Nothing but the records, transcribed verbatim and stripped of images, should appear in the answer.

- **SUPPLIED INFORMATION**
· · ·

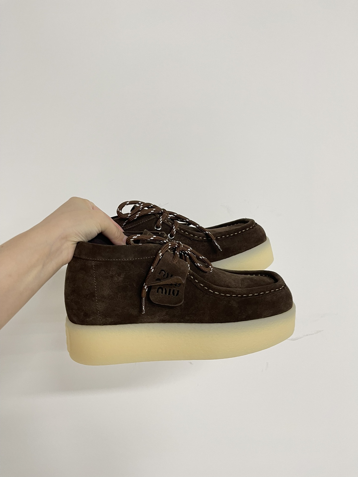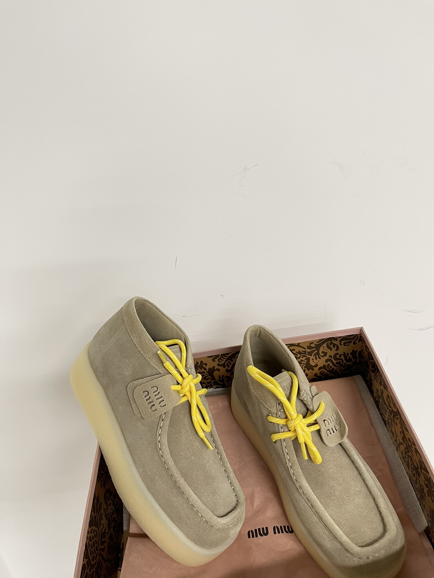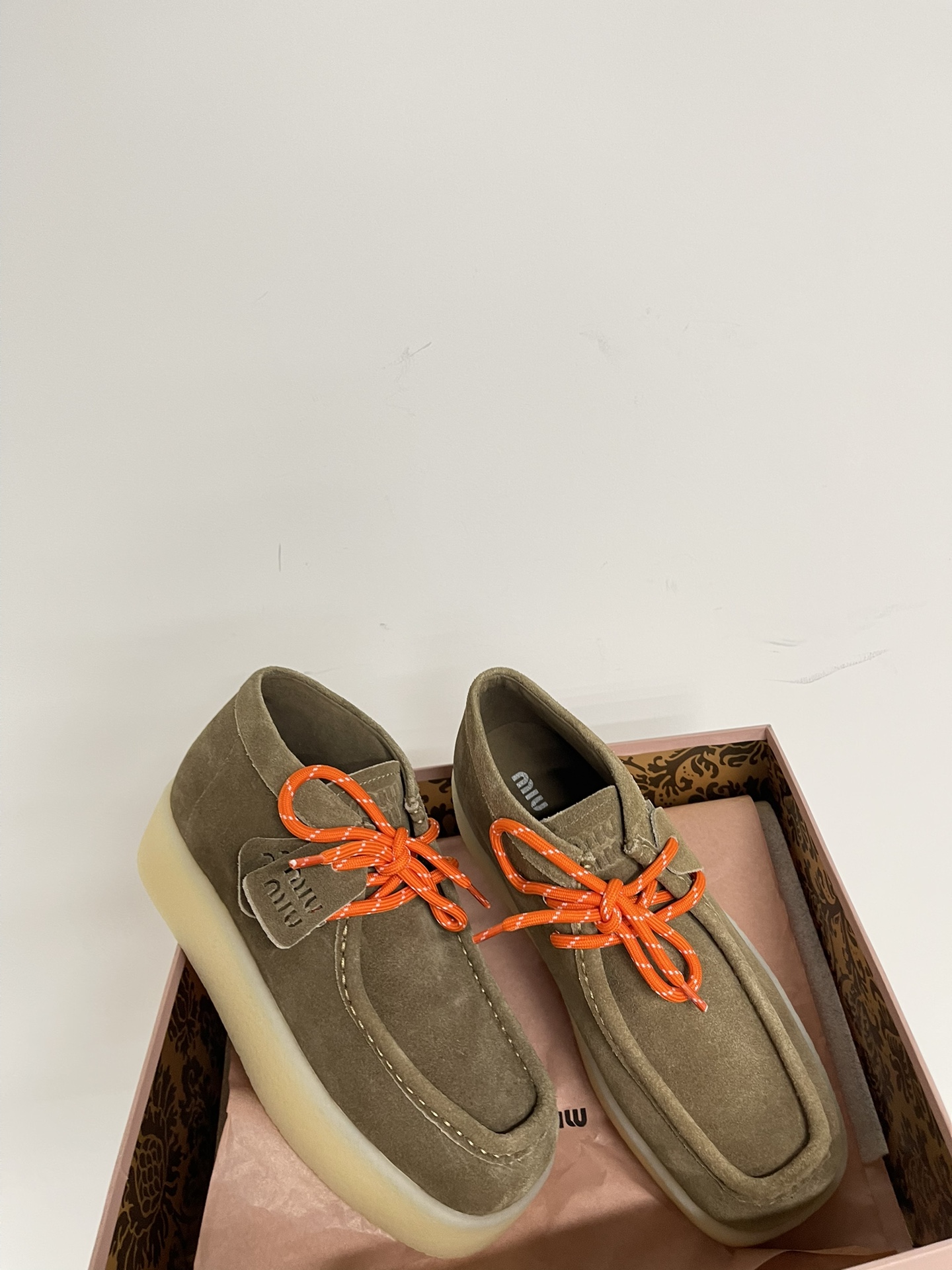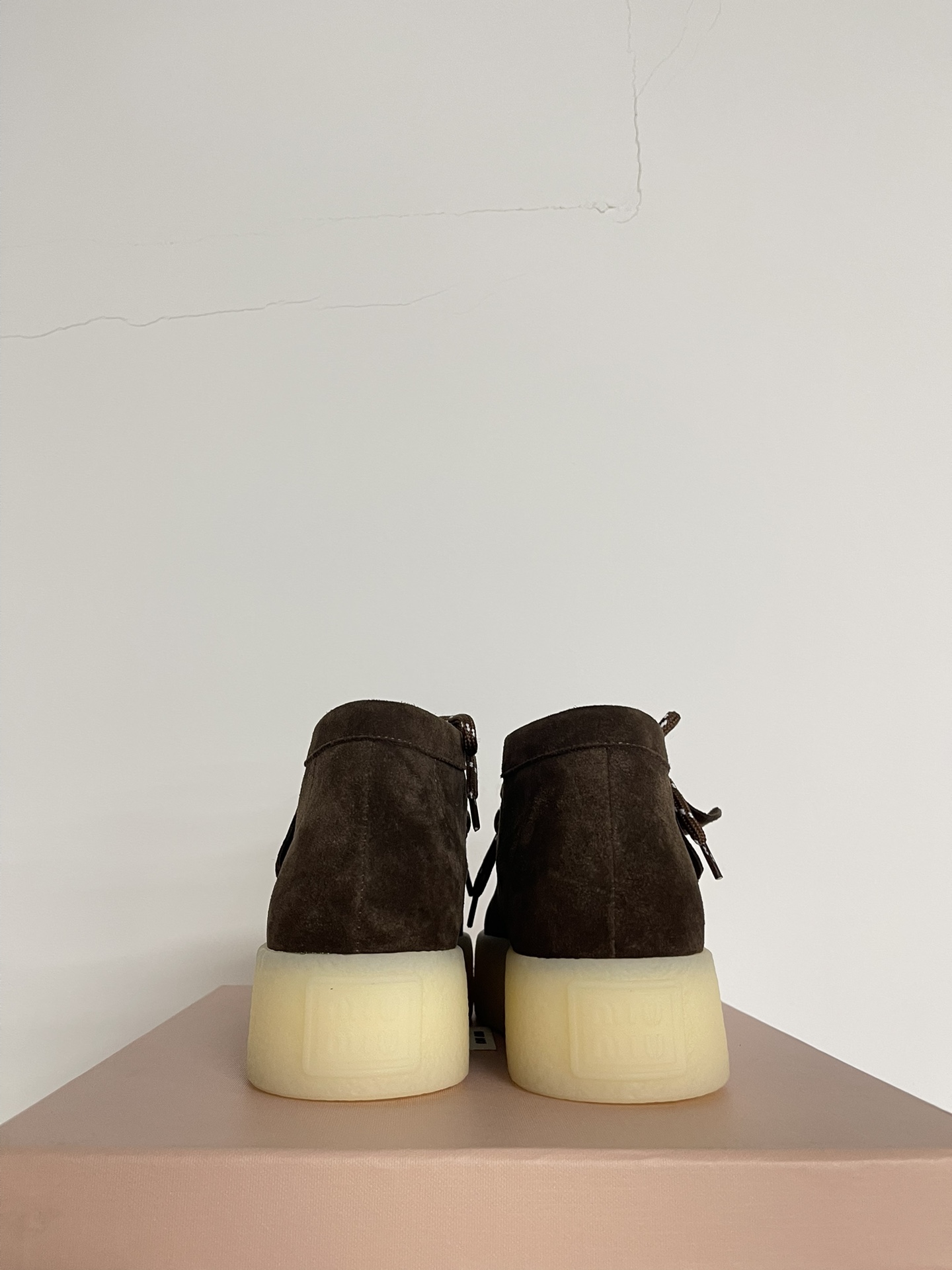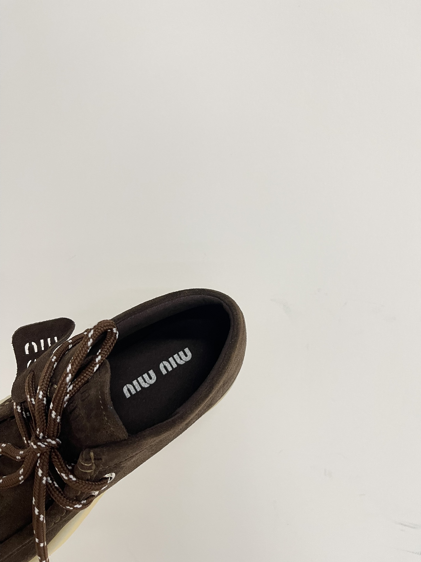 미우미우 24FW 스웨이드 레더 델라베 앵클 부츠 5T263E
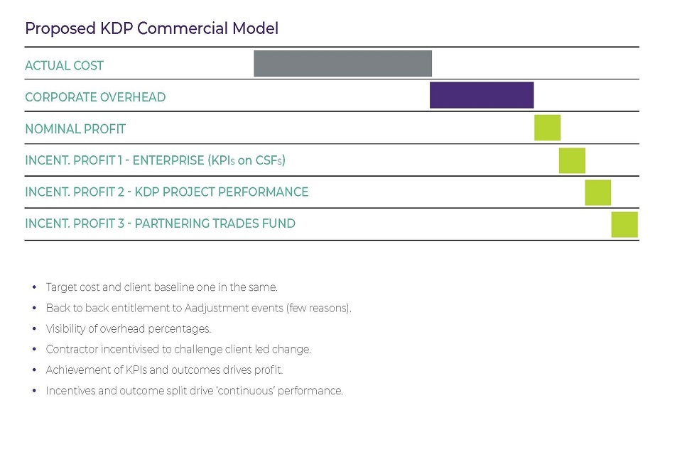 The model aims to drive a change in culture, increased collaboration and fundamentally (including through early contractor involvement) mitigate potential changes before they arise; incentivise performance to the baseline and not the traditional model of contractors looking to drive up their own individual target costs.
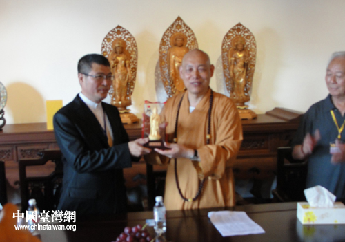 臺灣金蘭會會長臺南正統(tǒng)鹿耳門圣母廟主委王增榮與普陀山佛教協(xié)會會長道慈大和尚代表雙方互換禮物(圖片來源:舟山市臺辦)
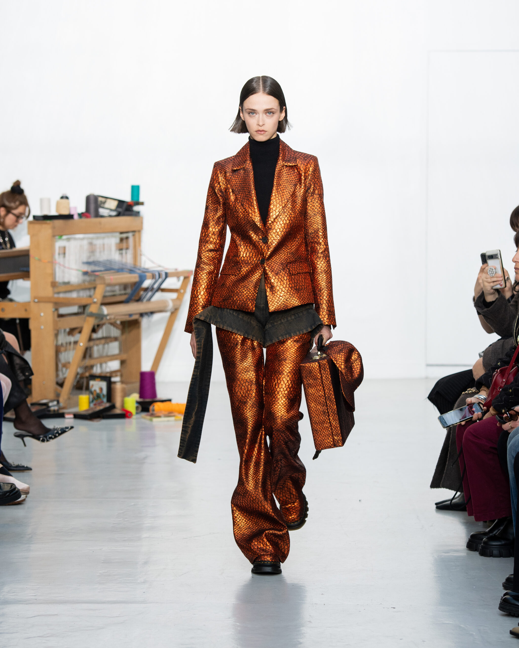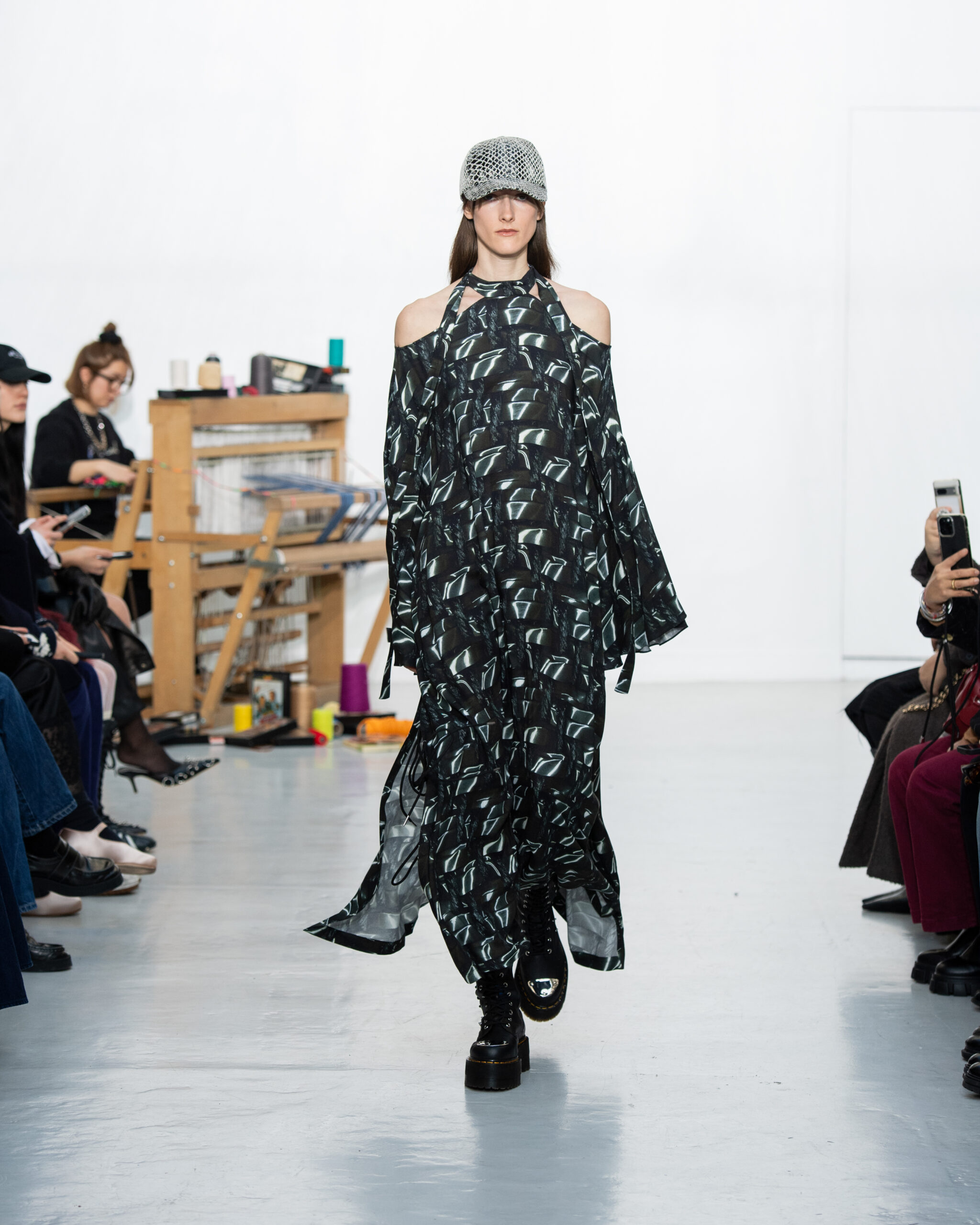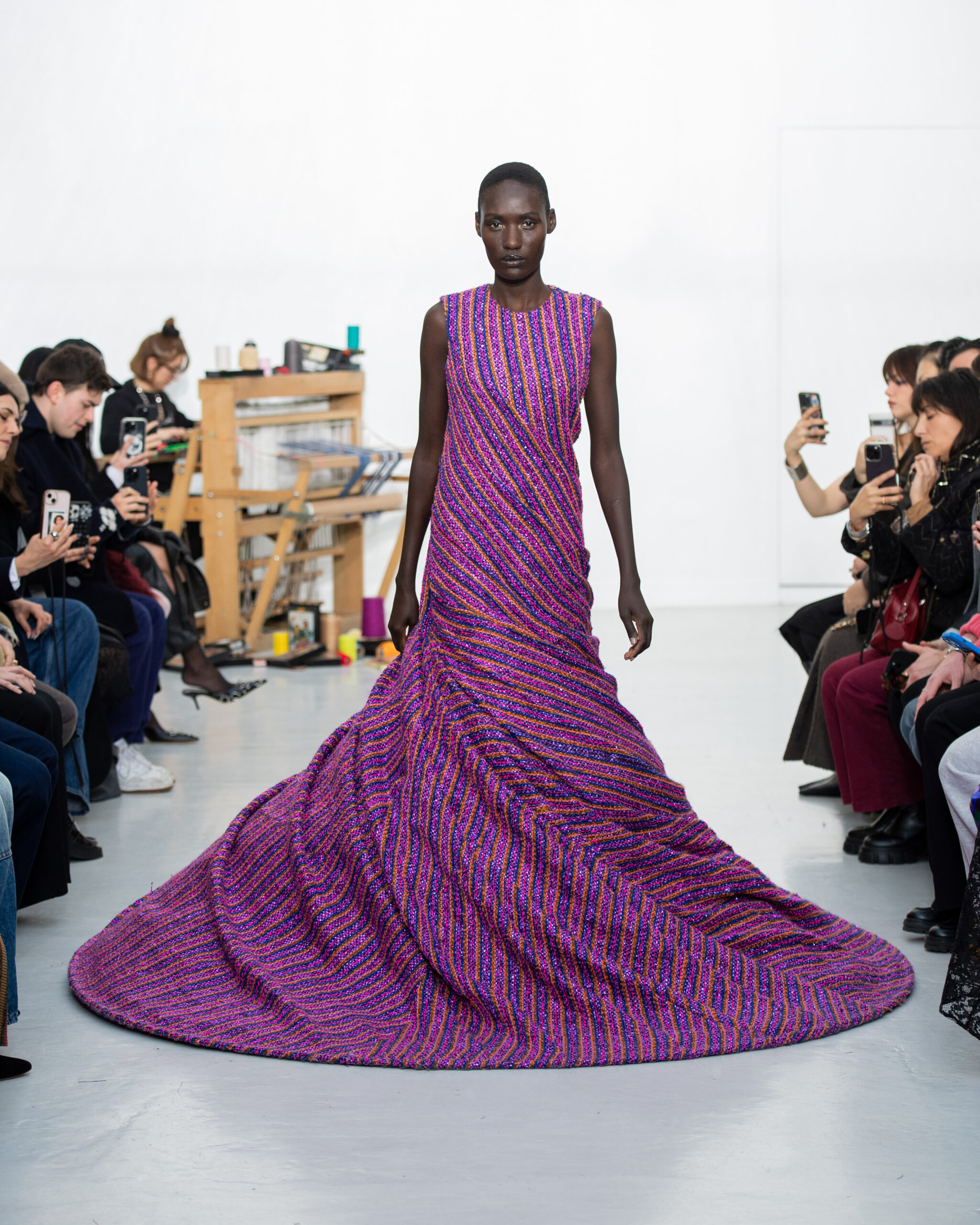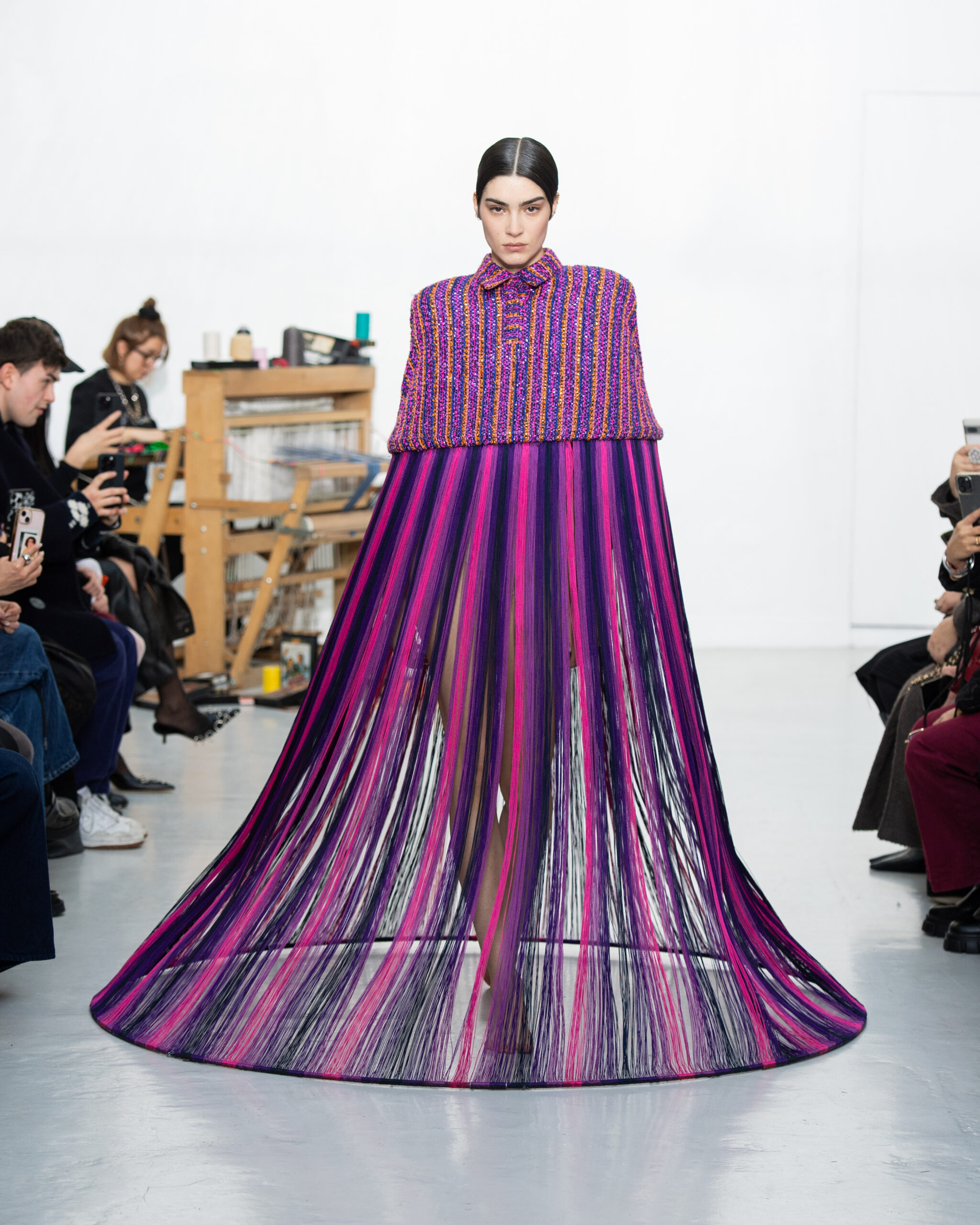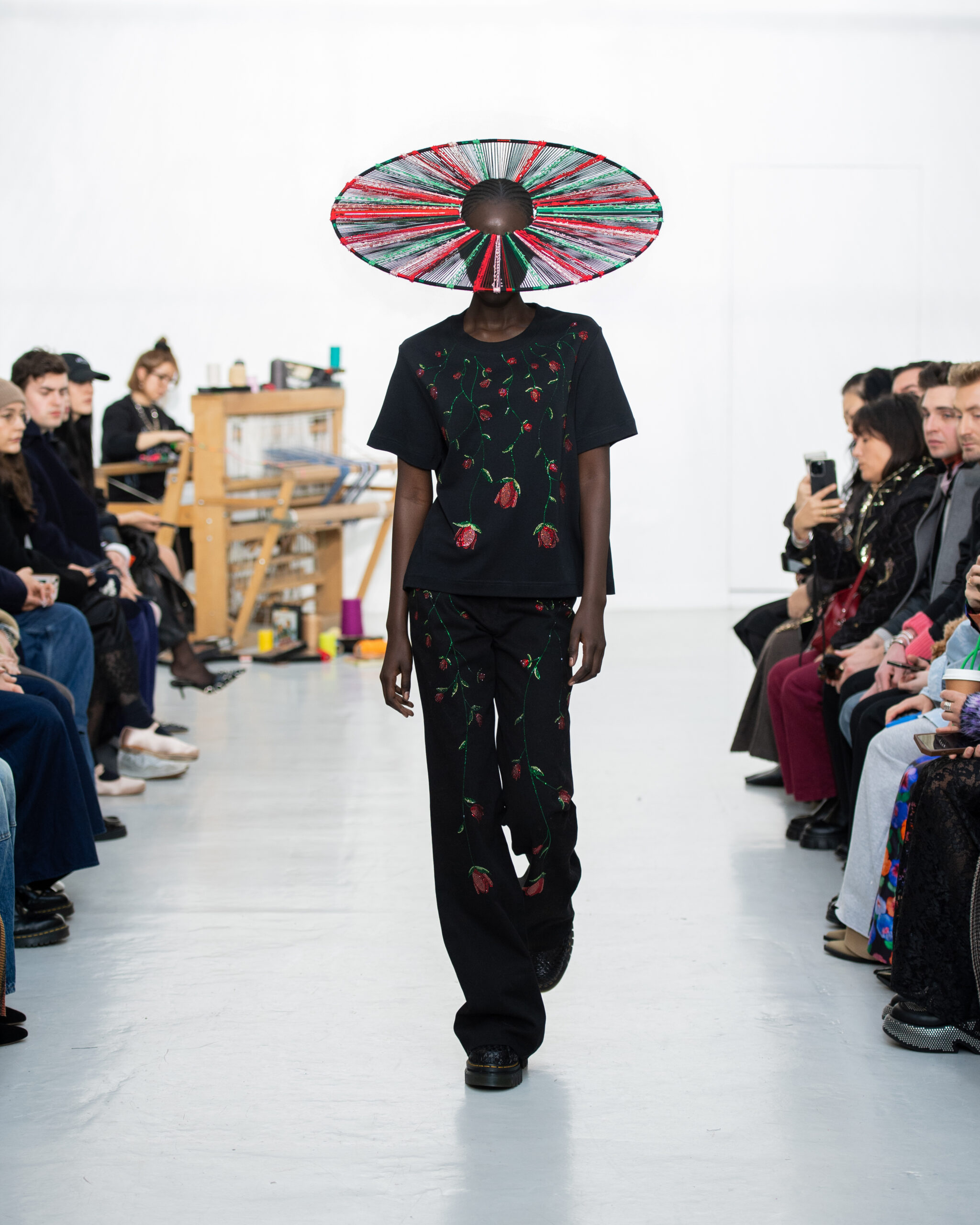 Inspiré par le métier à tisser et les fils, Benmoyal a conçu une expérience immersive : 300 miniatures de métiers à tisser envoyées en guise d’invitations et une scénographie évoquant un métier à tisser géant. Dans ce décor, les mannequins, vêtus de tissus tissés uniques de la tête aux pieds, y compris une collaboration avec Dr. Martens, ont défilé, tandis que des tisserands démontraient leur savoir-faire au milieu des spectateurs. Axée sur le dépassement des limites du design textile, la collection présente 35 looks, incluant la renaissance du tissu emblématique de Benmoyal fait de cassettes recyclées, réimaginé avec un effet peau de serpent synthétique.
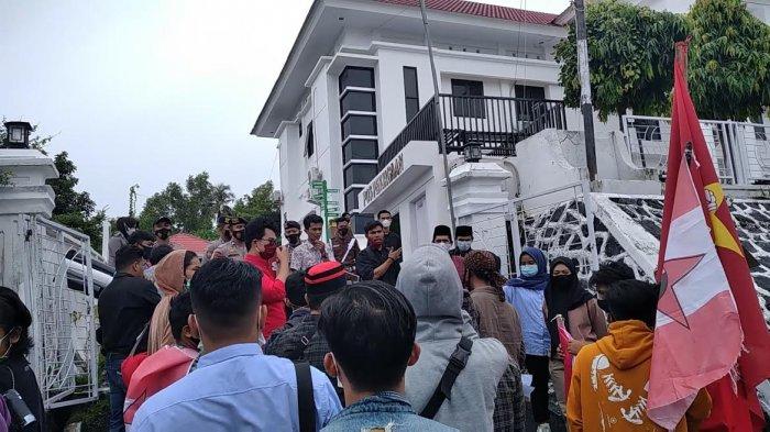 Puluhan mahasiswa berunjuk rasa di depan gedung Kejaksaan Negeri Majene, Selasa (22/12/2020).

· · ·

- **TASK SOLUTION**
 미우미우 24FW 스웨이드 레더 델라베 앵클 부츠 5T263E
 The model aims to drive a change in culture, increased collaboration and fundamentally (including through early contractor involvement) mitigate potential changes before they arise; incentivise performance to the baseline and not the traditional model of contractors looking to drive up their own individual target costs.
 臺灣金蘭會會長臺南正統(tǒng)鹿耳門圣母廟主委王增榮與普陀山佛教協(xié)會會長道慈大和尚代表雙方互換禮物(圖片來源:舟山市臺辦)
 Inspiré par le métier à tisser et les fils, Benmoyal a conçu une expérience immersive : 300 miniatures de métiers à tisser envoyées en guise d’invitations et une scénographie évoquant un métier à tisser géant. Dans ce décor, les mannequins, vêtus de tissus tissés uniques de la tête aux pieds, y compris une collaboration avec Dr. Martens, ont défilé, tandis que des tisserands démontraient leur savoir-faire au milieu des spectateurs. Axée sur le dépassement des limites du design textile, la collection présente 35 looks, incluant la renaissance du tissu emblématique de Benmoyal fait de cassettes recyclées, réimaginé avec un effet peau de serpent synthétique.
 Puluhan mahasiswa berunjuk rasa di depan gedung Kejaksaan Negeri Majene, Selasa (22/12/2020).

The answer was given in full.